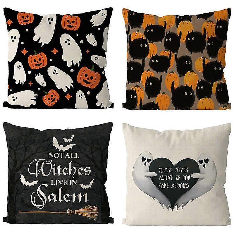 Sets of Halloween Sofa Pillowcases with Halloween Pumpkin Little Ghost Pillowcases, Simple Style Decorative Pillowcases for Living Room Bedroom Sofa (
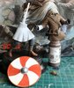 I reckon the pot helmet, and because Vikings are generally depicted with an axe, I'm going to use the sword, helpfully ICM have provided an empty scabbard for this option. Several arrows are provided, either to stick in his shield, or maybe in the base, by his feet.
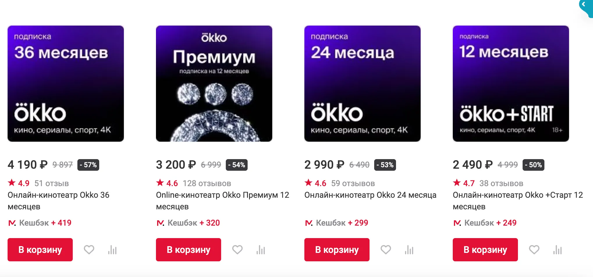 Второй способ позволяет сэкономить. Сертификаты подписок на Okko можно купить практически в любом магазине электроники. Например, в «М.Видео» подписка на 12 месяцев стоит 2490 рублей, 24 месяца (два года) — 2990 рублей, 36 месяцев (три года) — 4190 рублей.
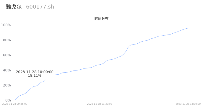 600177雅戈尔2023年11月28日成交11.29万手,成交金额7787.14万元,相较昨日缩量1.96万手,换手率0.24%,成交清淡。
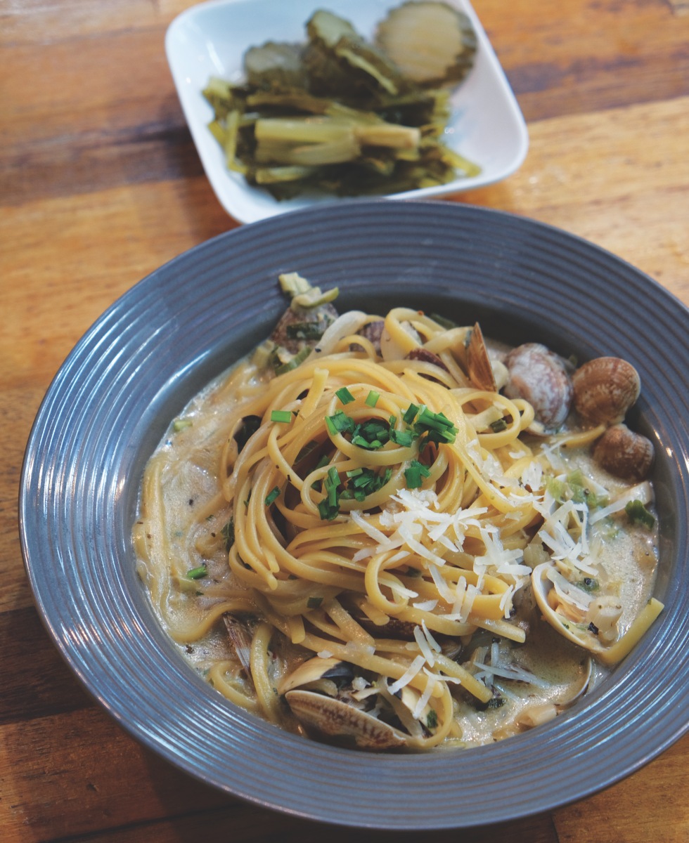 마을맛여행의 마지막 네 번째 식사를 덕산면 도전리의 ‘누리마을 빵카페’에서 차려 낸다. 월악산에 가는 장년의 여행객이 주로 드나드는 덕산면인데, 이 카페는 젊은 활기가 돌고 주말 점심 시간에는 자리가 꽉 찬다. 제천 간디학교 출신 청년 중에서 요리와 제빵을 업으로 삼을 이들이 모여 운영한다고. 지역 식자재로 만든 빵과 쿠키 그리고 파스타 위주의 식사를 먹을 수 있다. 어떤 메뉴를 주문하든 넉넉한 양과 충실한 맛으로 실망시키지 않는다. 환경과 공동체를 향한 적극적인 발언도 이곳에 더 많은 관심을 보일 수밖에 없는 이유다.
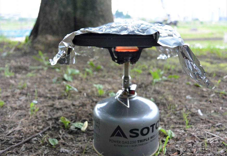 具材にしっかり火をとおすためにフタをします。フタに便利なのがアルミホイル。プレートより大きめにカットして、少し巻き込むようにフタをします。焦げ付かないように火加減は弱火~中火で5分~10分ほど加熱します。
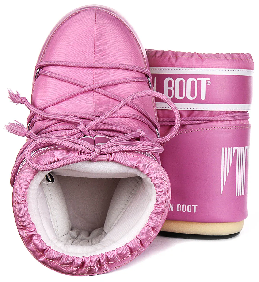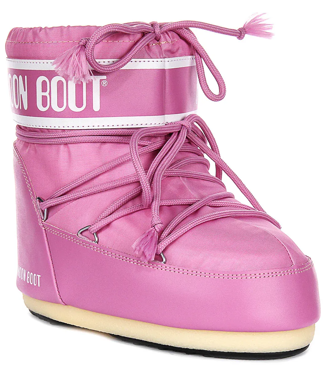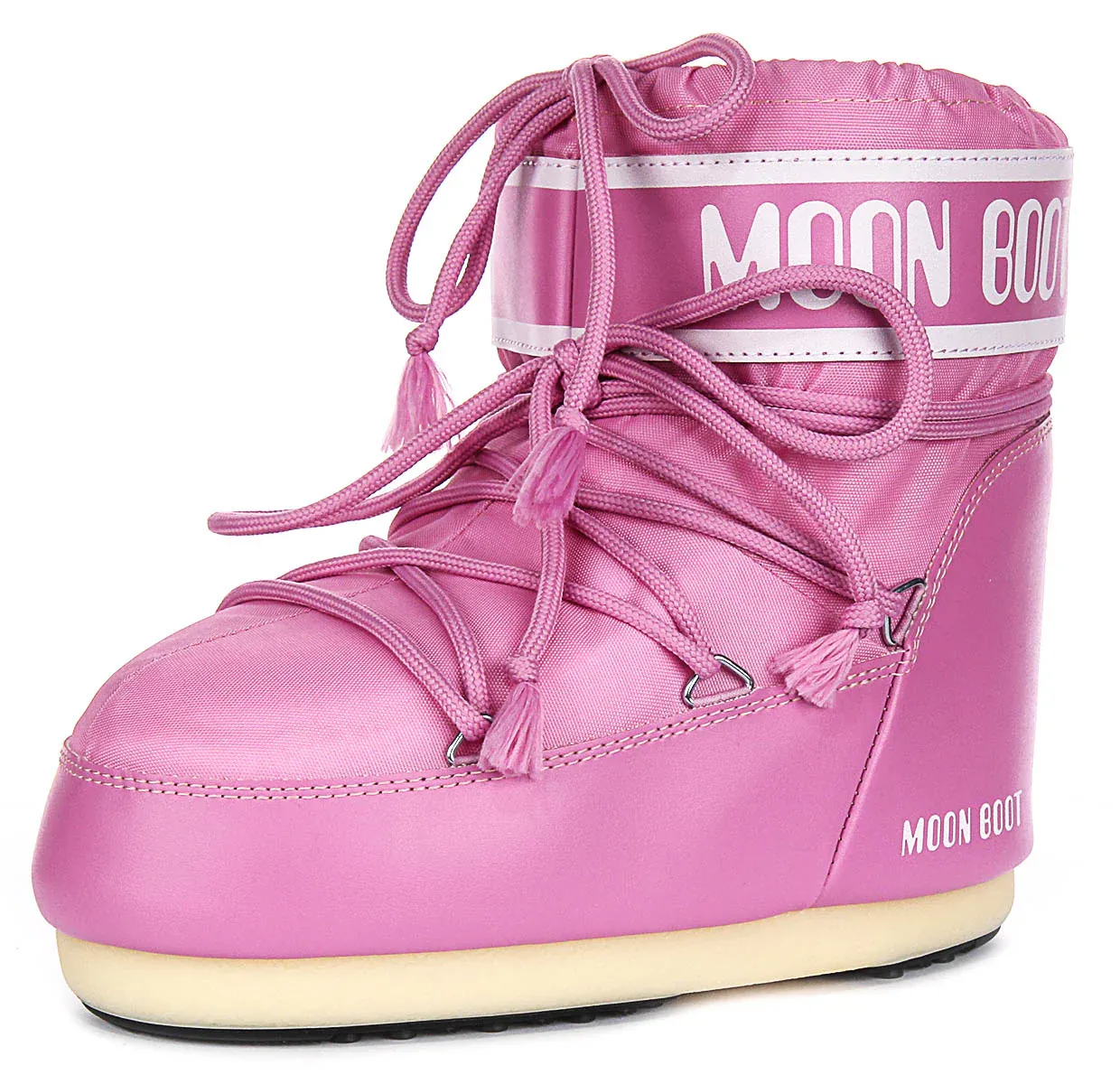 These boots feature a distinctive and iconic design, with the Moon Boot branding prominently displayed around the ankle. The lacing system not only enhances the visual appeal but also ensures a snug and adjustable fit, providing both comfort and support for your feet. The laces are adorned with small tassels, adding an extra touch of playful detail.
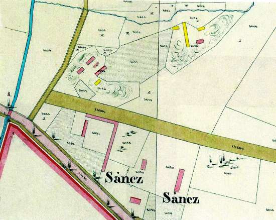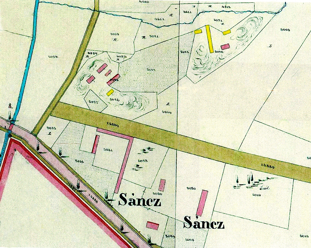 •A Batthyány (hercegi) uradalom sánci majorja (Felső-Sánc) terült el az út északi oldalán.
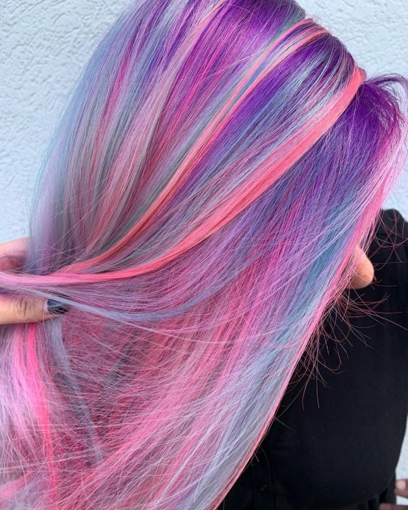 Melt a stunning bubblegum pink right into your hair. It’s such a beautiful and seamless look.
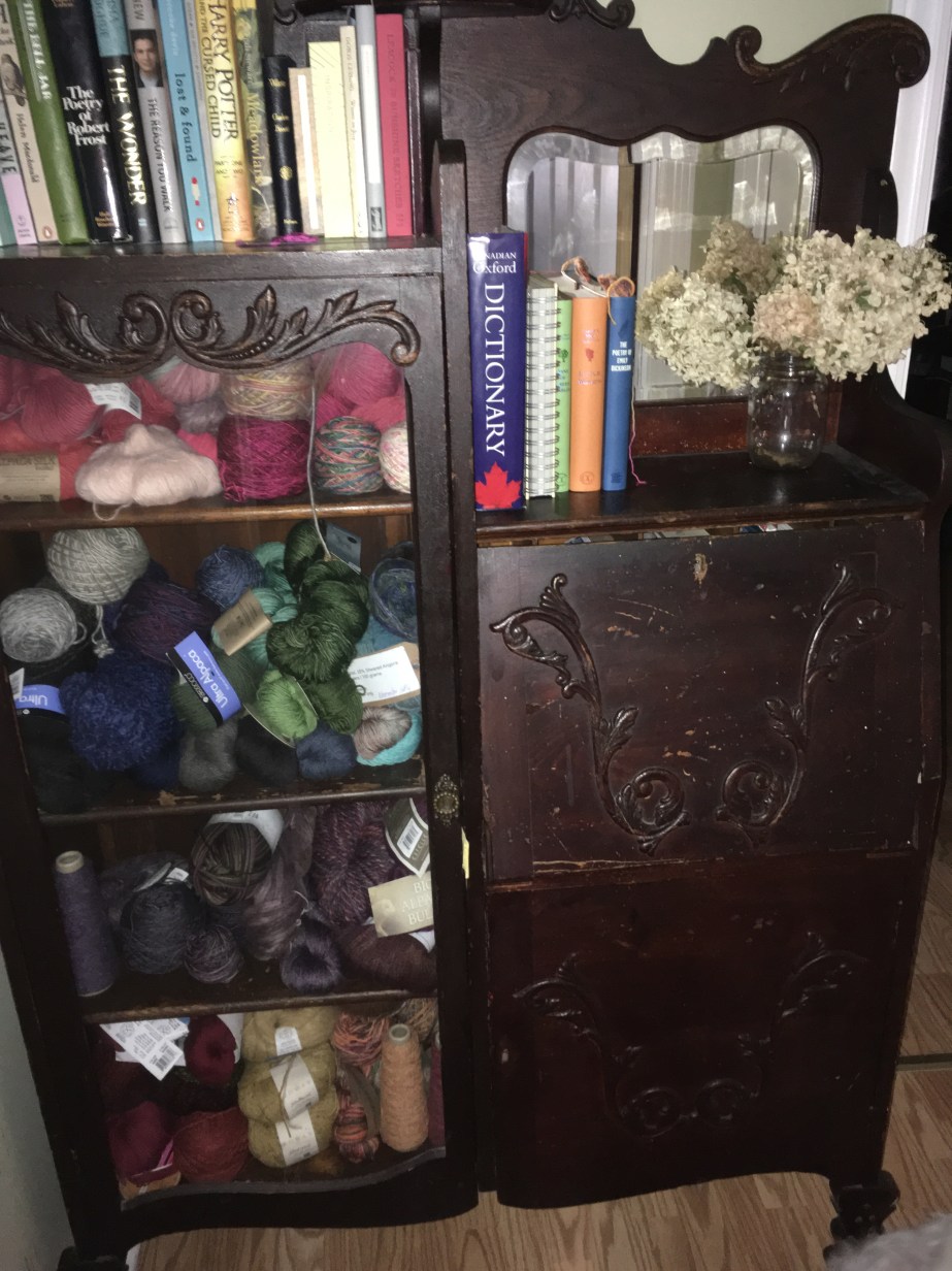 I like seeing the yarn. Before I had a mess of colours and weights in plastic bins.
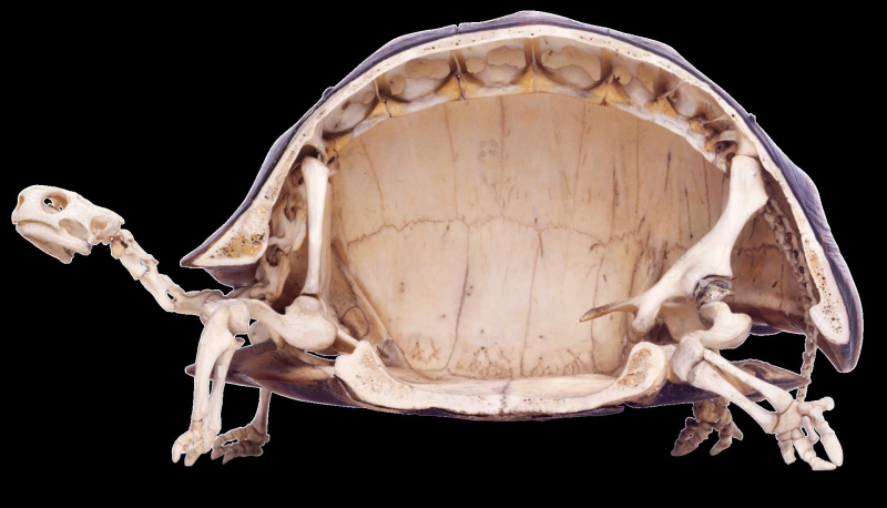 이 천정의 구조형태(또는 구조미학)는 어쩌면 내가 20년 동안 만들고 싶어하던 거북이 등껍질 척추 구조를 어느정도 구현한 것이라고 할 수 있는데... 어… 그게 뭔가요? 일단 거북이 등껍질 구조를 살펴보자. 거북이 등껍질이 주는 단단하고 단순한 인상에 비해 그 내부의 껍질을 잡아주는 구조와 등뼈 간의 섬세하고 세밀한 연결 -아치라는 선의 연결에서 면을 바치는 구조로 이어지는- 을 보면 그 매력에 푹 빠질 수밖에 없다. 만약 신이 거북이의 등껍질 구조를 하나하나 세심하게 디자인하셨다면 디자인상을 몇 개는 받으셔야 마땅할 것이다. 이 멋진 구조의 기본적인 원리가 우리의 제안에서 천정 면을 바치는 역삼각 트러스 형태의 연결로 어느정도 구현이 되었다고도 볼 수 있겠다.
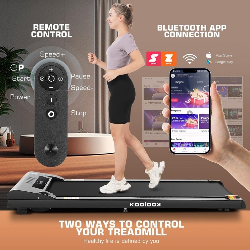Pratico comando con tre funzioni: START-STOP,PAUSA regolazione della velocità da 1-6 KM/H e funzione standby dopo 10 minuti che il tapis resta senza alcuna operazione, la macchina entra in modalità risparmio energetico. Con LCD Bluetooth.
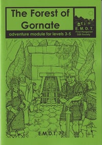 A 32-page module for 3rd to 5th level characters, The Forest of Gornate offers a complex, open-ended wilderness pointcrawl set in the Forest of Gornate, a place of fallen civilisations, strange denizens, and natural wonders. Seek the treasures of a mysterious villa, the secrets of a reclusive bandit leader, win the patronage of the ancient and sinister Guild of Judges, or strike out on your own to seek fame and fortune in the forests, and the lands beyond. Inspired by the gamebook classic, Scorpion Swamp, this is a module offering 42+39 keyed areas, adventure hooks, rumours, and random encounters offering numerous possibilities for open-ended exploration and player-driven adventure. It is also a companion to In the Shadow of the City-God, but enjoyable on its own terms.
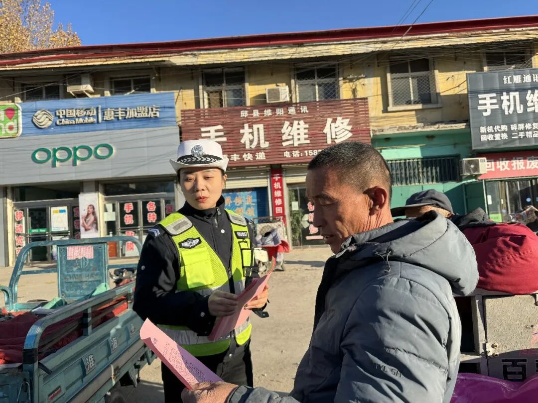 初冬的集市,热闹非凡。邯郸交巡警紧密结合出行特点和常见风险,重点针对骑乘摩托车和电动自行车不佩戴安全头盔、酒驾醉驾等突出交通违法行为的危害性进行讲解。
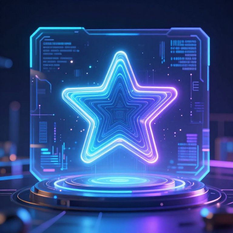 Neon blue and purple glowing star inside a futuristic, transparent, tech-themed box with digital circuits and holographic effects.
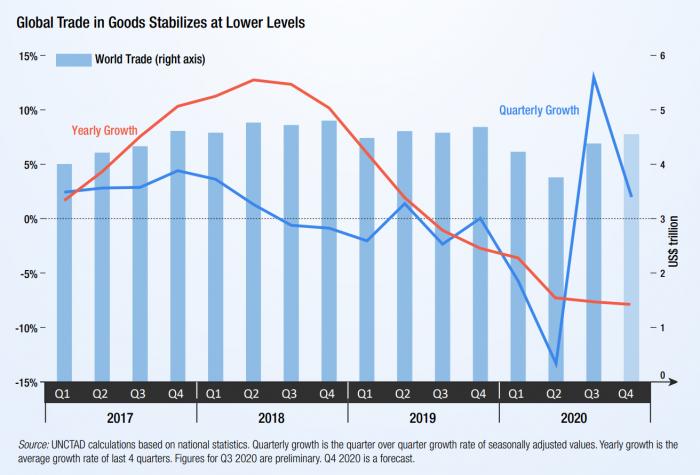 联合国贸发会议表示,初步预计今年第四季度全球贸易额的同比降幅将进一步收窄至3%,全年平均贸易额与去年相比将减少7%-9%左右,但这一预测数字仍然存在不确定性,取决于疫情的发展走向,以及未来数月内的经济活动情况。
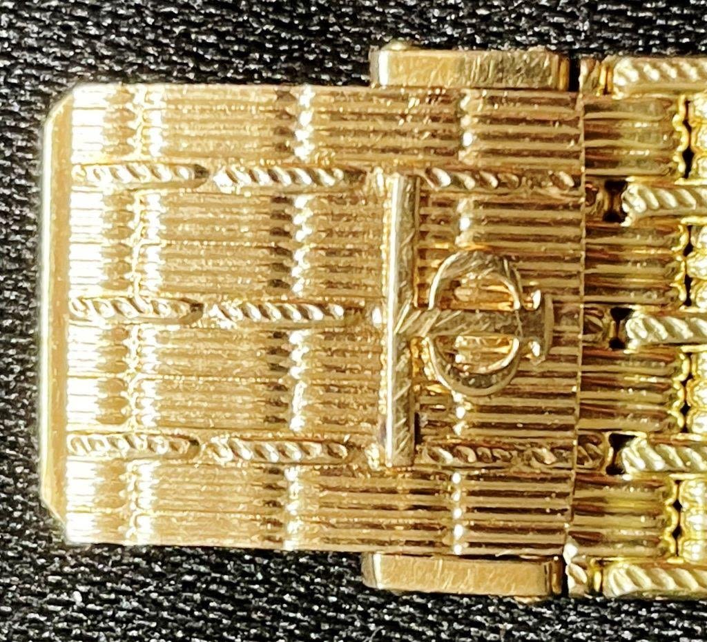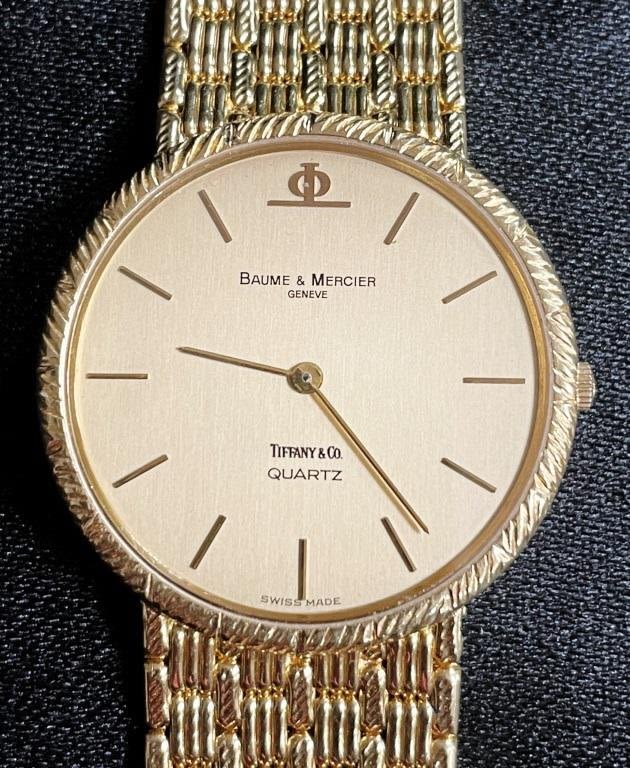 Retailed By Tiffany Co.; 18KT Yellow Gold With Woven Mesh Bracelet; Quartz Mov’t Keeping Time With Fresh Battery; 7.25" Bracelet Length; 72.7 GMS Total Weight. All Watches in Running Order when catalogued
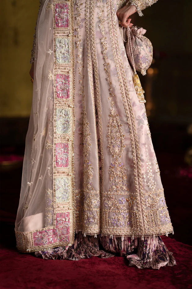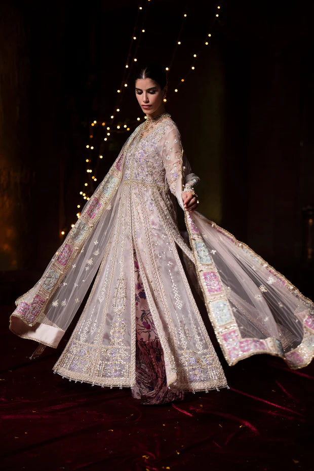 This Illic Pink Dress is a statement of elegance and uniqueness. Designed with a distinctive cut line, it features exquisite embroidery and delicate handwork. The look is elevated with a beautifully printed under-dress, paired with graceful sharara pants, and completed with a stunning dupatta that ties the whole ensemble together. A perfect blend of tradition and modern artistry
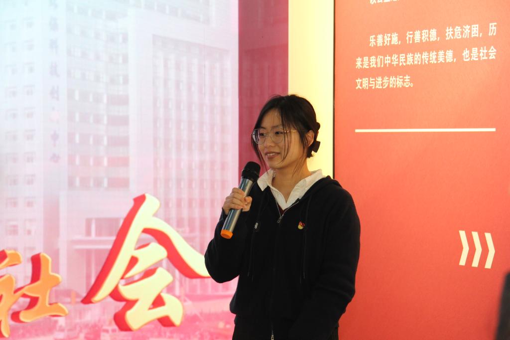 活动伊始,全体人员先后走进金山环保党建文化展示馆与企业文化馆,感受企业党建引领绿色发展的生动实践,切身感受到企业服务社会、热心公益、反哺教育事业的浓厚情怀与责任担当。理论学习环节,支部党员程可馨带领全体党员重温了习近平总书记关于树立和践行正确政绩观的重要讲话、重要指示批示精神,她表示青年党员要深刻把握正确政绩观的核心要义,脚踏实地、潜心钻研,努力成为堪当民族复兴重任的先锋力量。随后支部党员张钰玟结合学科专业,带领大家学习2026年全国两会表决通过的《中华人民共和国生态环境法典》,强调作为未来环境治理的主力军,研究生党员要主动读懂环境法规、践行环境法规,以专业之力守护生态环境。
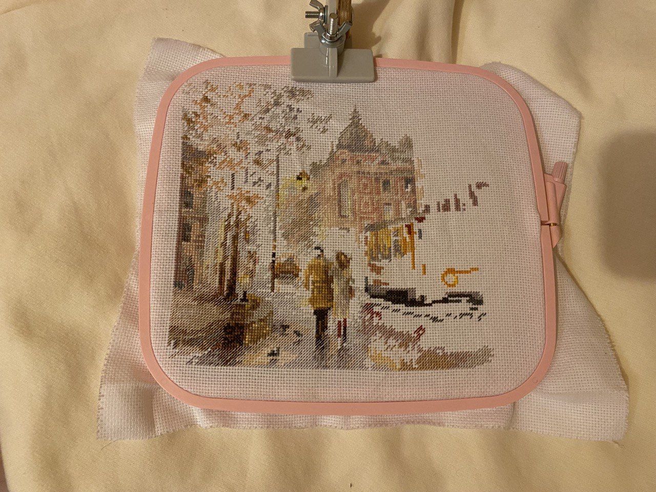 26 апреля 2022 Вот мои достижения за два вечера: Стали видны лужицы и потихоньку проявляется силуэт мужчины. Даже видно, где будут ходить по сюжету голуби. Результата могло быть чуточку больше, если бы вчера я не допустила ошибку и не вышила часть спины одним цветом чуть выше чем надо. Поэтому пришлось немного распороть и перешить заново. Конечно, это очень маленькое количество, но сама по себе такая ошибка немного меня расстроила. Больше потому, что я боюсь за запасы ниток. Вроде бы если чего-то не хватит, то сейчас легко узнать данные о цвете и купить, но все равно, я бываю паникершей в таких вещах. Хозяйка смешных зверей, Yulik, Aleksacha и 14 других сказали спасибо Поделиться сообщением Ссылка на сообщение

• _REQUIRED WORK_:
Please output the lines of the records above from the one with "活动伊始,全体人员先后走进金" through the last, exactly as they appear and with both ends included; skip any pictures and add nothing.

• _RESPONSE_:
 活动伊始,全体人员先后走进金山环保党建文化展示馆与企业文化馆,感受企业党建引领绿色发展的生动实践,切身感受到企业服务社会、热心公益、反哺教育事业的浓厚情怀与责任担当。理论学习环节,支部党员程可馨带领全体党员重温了习近平总书记关于树立和践行正确政绩观的重要讲话、重要指示批示精神,她表示青年党员要深刻把握正确政绩观的核心要义,脚踏实地、潜心钻研,努力成为堪当民族复兴重任的先锋力量。随后支部党员张钰玟结合学科专业,带领大家学习2026年全国两会表决通过的《中华人民共和国生态环境法典》,强调作为未来环境治理的主力军,研究生党员要主动读懂环境法规、践行环境法规,以专业之力守护生态环境。
 26 апреля 2022 Вот мои достижения за два вечера: Стали видны лужицы и потихоньку проявляется силуэт мужчины. Даже видно, где будут ходить по сюжету голуби. Результата могло быть чуточку больше, если бы вчера я не допустила ошибку и не вышила часть спины одним цветом чуть выше чем надо. Поэтому пришлось немного распороть и перешить заново. Конечно, это очень маленькое количество, но сама по себе такая ошибка немного меня расстроила. Больше потому, что я боюсь за запасы ниток. Вроде бы если чего-то не хватит, то сейчас легко узнать данные о цвете и купить, но все равно, я бываю паникершей в таких вещах. Хозяйка смешных зверей, Yulik, Aleksacha и 14 других сказали спасибо Поделиться сообщением Ссылка на сообщение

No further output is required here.